▽

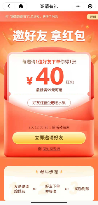 最后,邀好友,拿红包,让老用户把活动链接分享给身边的好友,或者是朋友圈和微信群里,达到引流的目的。
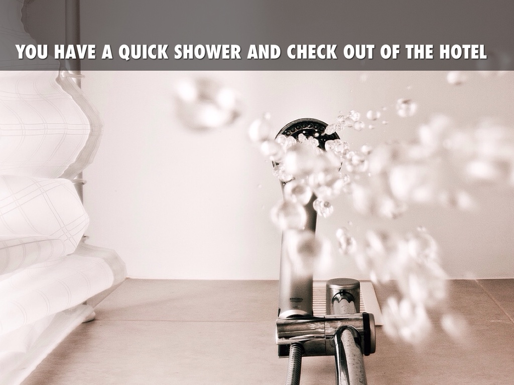 YOU HAVE A QUICK SHOWER AND CHECK OUT OF THE HOTEL
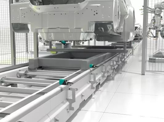 在汽車工廠中,機器人將零件焊接到底盤上,然后將底盤上的零件運送到生產單元的平臺上。衰減系數為1傳感器可以確保焊接平臺定位在限定位置上。一旦平臺到達限定的位置,生產單元中的焊接機器人被激活,開始對車輛側面和車頂部件進行焊接。衰減系數為1電感式傳感器可以在滑道上每個限位位置實現精準定位,保證整個流程的穩(wěn)定可靠。
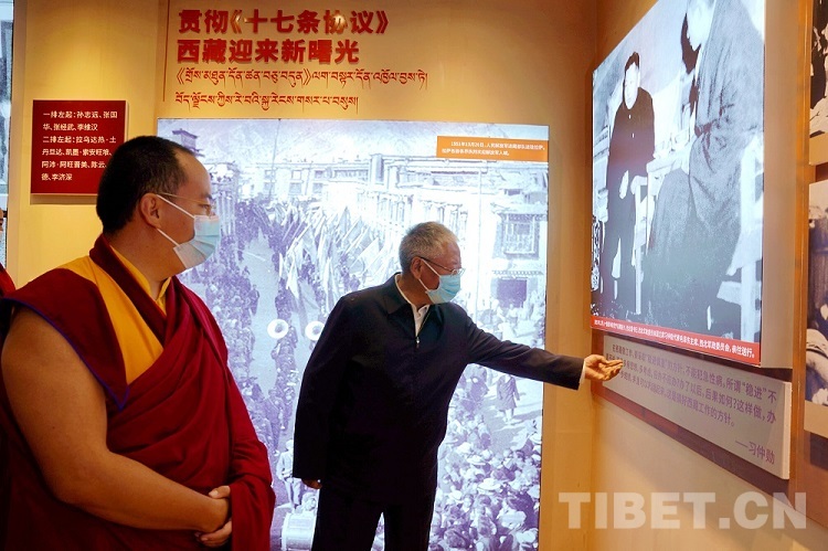圖為班禪觀看《十七條協(xié)議》有關(guān)展板 攝影:王淑
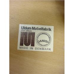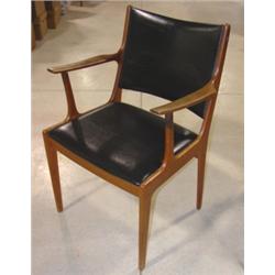 Set of 6 Danish Contemporary art dining chairs (4 side chairs and 2 arm chairs). Marked on bottom of seat with Danish label. 32" H, 20.75" W, 18" H to top of seat.
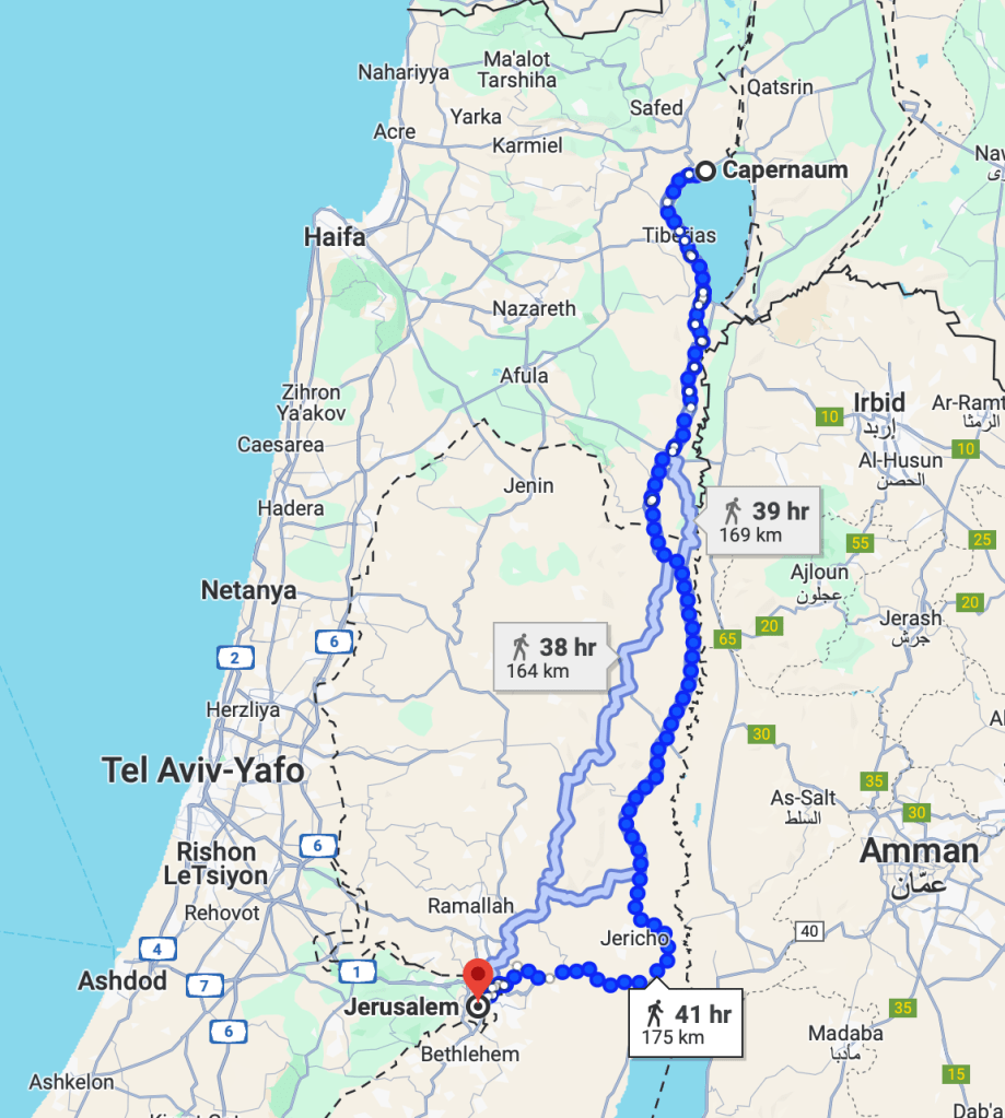 Google Maps says that it is a 41-hour walk from Capernaum to Jerusalem. Good luck with that today. The roads may be better, but the number of checkpoints makes that unlikely. Google has you hugging the Sea of Galilee to the west, then continuing on the western side of the Jordan through Jericho, then turning west to Jerusalem.
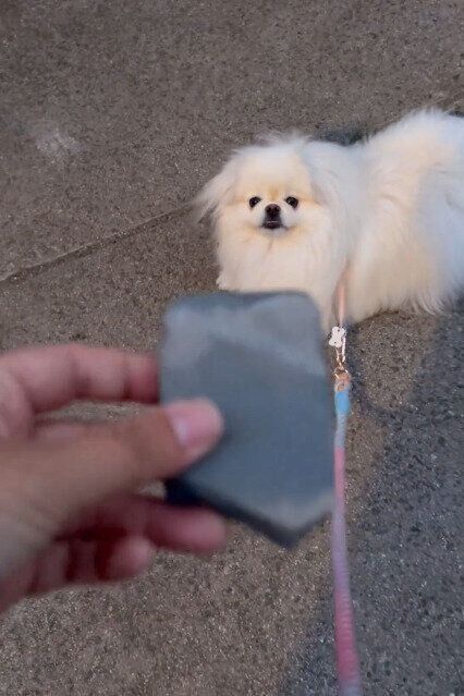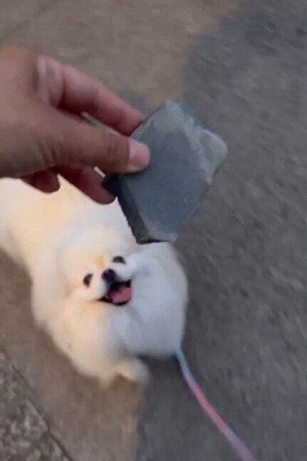 なんこつさん(@nankotsudesu315)が投稿したのは、愛犬・なんこつちゃんのお散歩風景です。途中で座り込んでしまったなんこつちゃんに、飼い主さんが“あるもの”を取り出すと効果てきめん。なんこつちゃんの表情にも注目です。
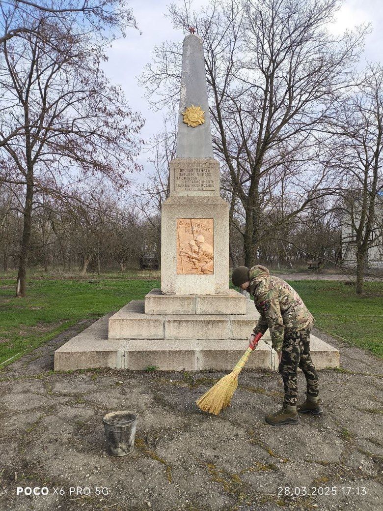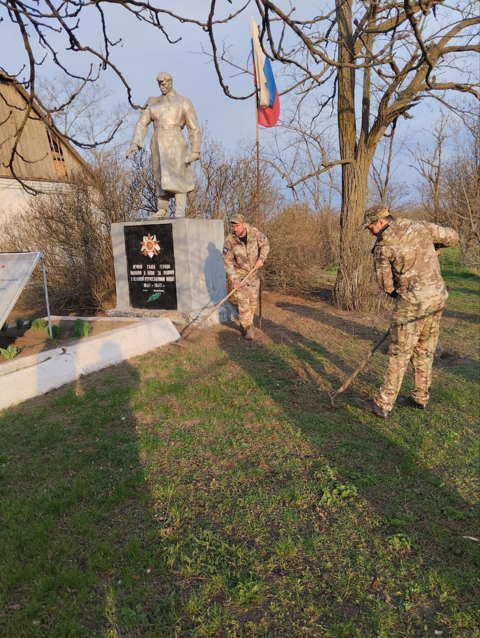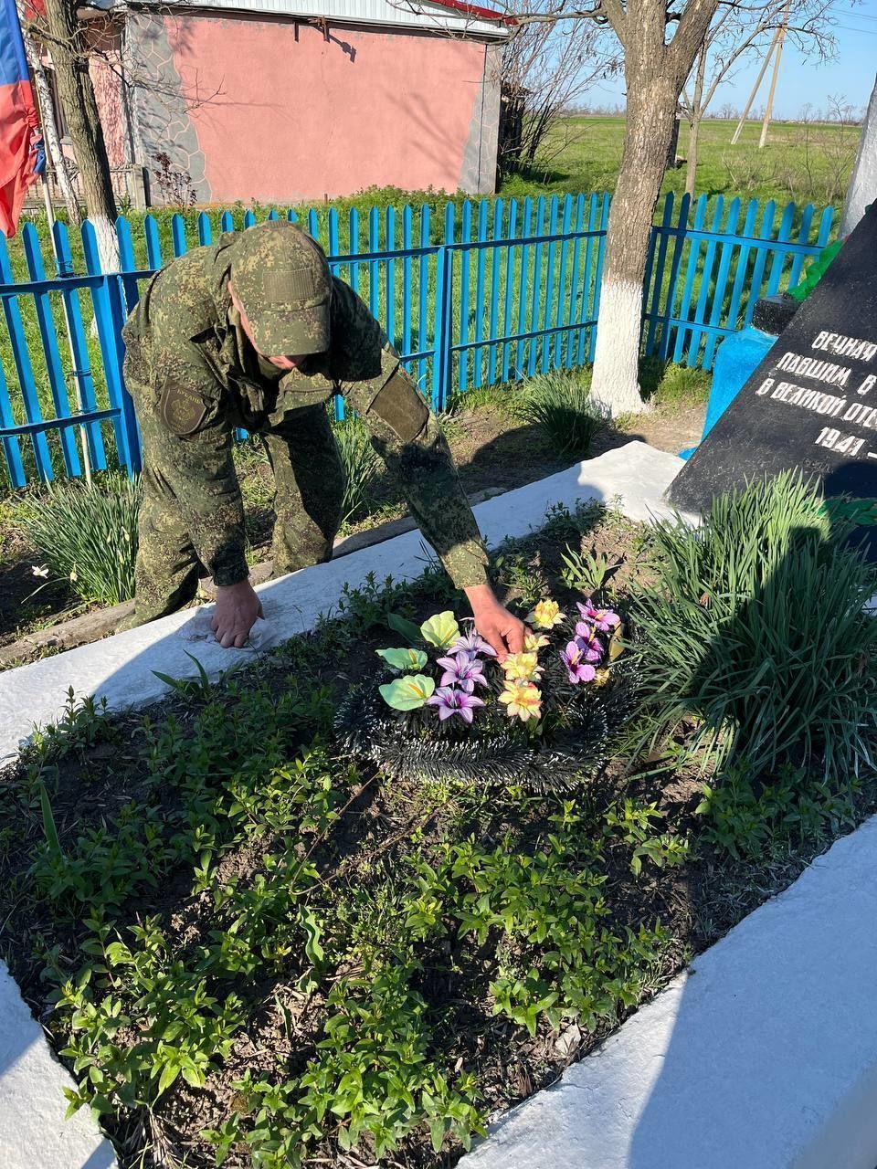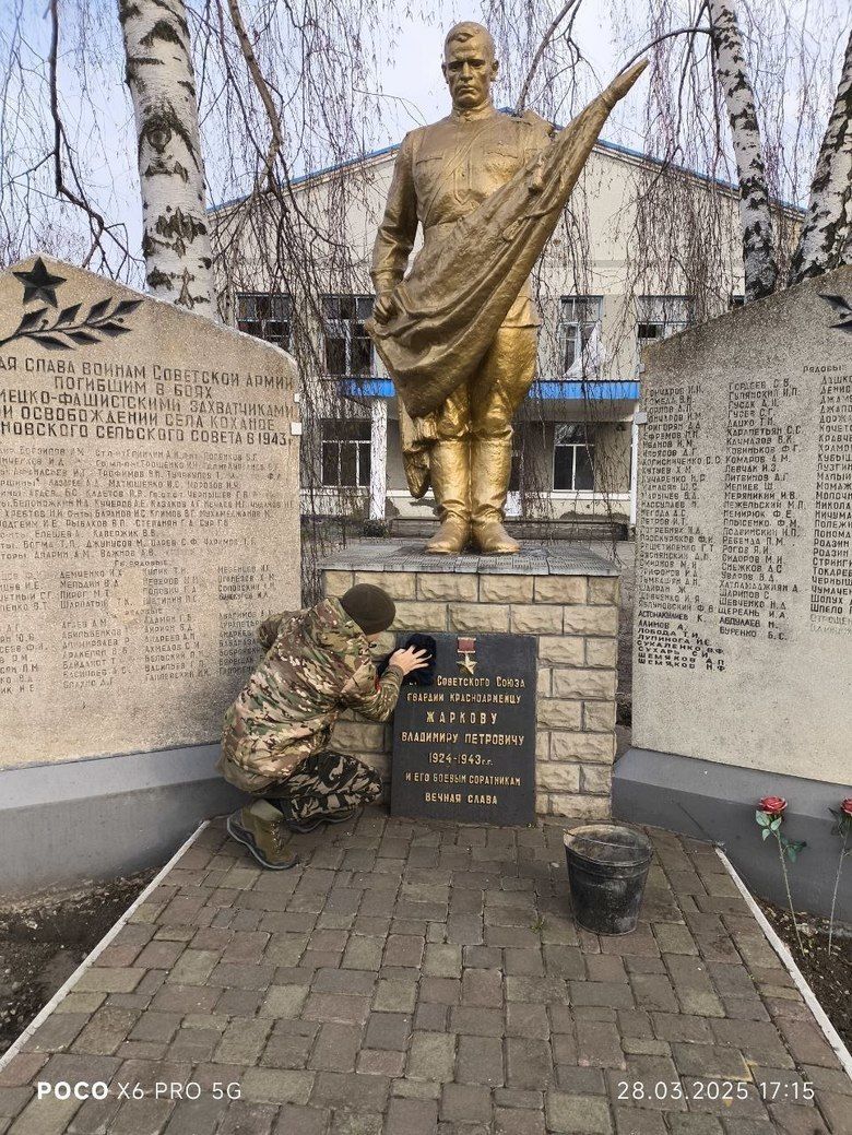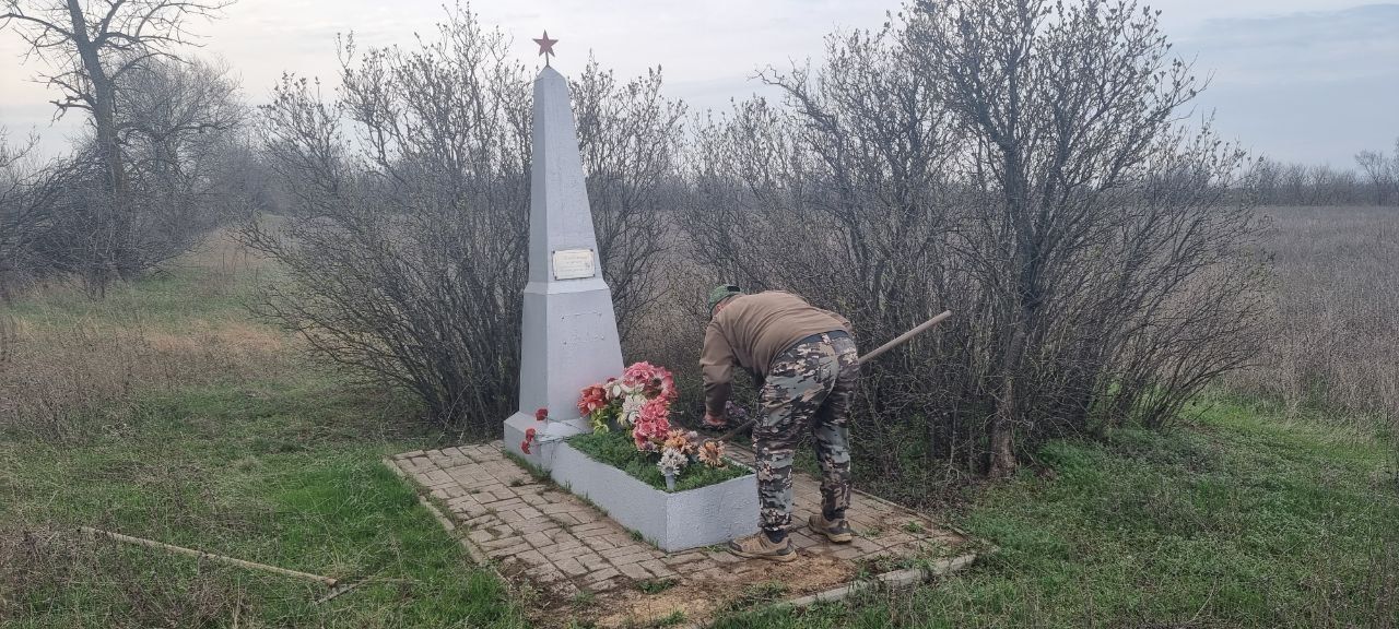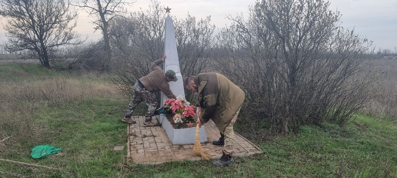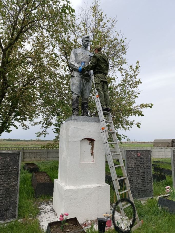 Российские бойцы восстанавливают памятники героям Великой Отечественной войны на освобожденных территориях

△

Your goal
What is needed is an exact copy of all the records, minus any pictures.

Solution to the exercise
 最后,邀好友,拿红包,让老用户把活动链接分享给身边的好友,或者是朋友圈和微信群里,达到引流的目的。
 YOU HAVE A QUICK SHOWER AND CHECK OUT OF THE HOTEL
 在汽車工廠中,機器人將零件焊接到底盤上,然后將底盤上的零件運送到生產單元的平臺上。衰減系數為1傳感器可以確保焊接平臺定位在限定位置上。一旦平臺到達限定的位置,生產單元中的焊接機器人被激活,開始對車輛側面和車頂部件進行焊接。衰減系數為1電感式傳感器可以在滑道上每個限位位置實現精準定位,保證整個流程的穩(wěn)定可靠。
圖為班禪觀看《十七條協(xié)議》有關(guān)展板 攝影:王淑
 Set of 6 Danish Contemporary art dining chairs (4 side chairs and 2 arm chairs). Marked on bottom of seat with Danish label. 32" H, 20.75" W, 18" H to top of seat.
 Google Maps says that it is a 41-hour walk from Capernaum to Jerusalem. Good luck with that today. The roads may be better, but the number of checkpoints makes that unlikely. Google has you hugging the Sea of Galilee to the west, then continuing on the western side of the Jordan through Jericho, then turning west to Jerusalem.
 なんこつさん(@nankotsudesu315)が投稿したのは、愛犬・なんこつちゃんのお散歩風景です。途中で座り込んでしまったなんこつちゃんに、飼い主さんが“あるもの”を取り出すと効果てきめん。なんこつちゃんの表情にも注目です。
 Российские бойцы восстанавливают памятники героям Великой Отечественной войны на освобожденных территориях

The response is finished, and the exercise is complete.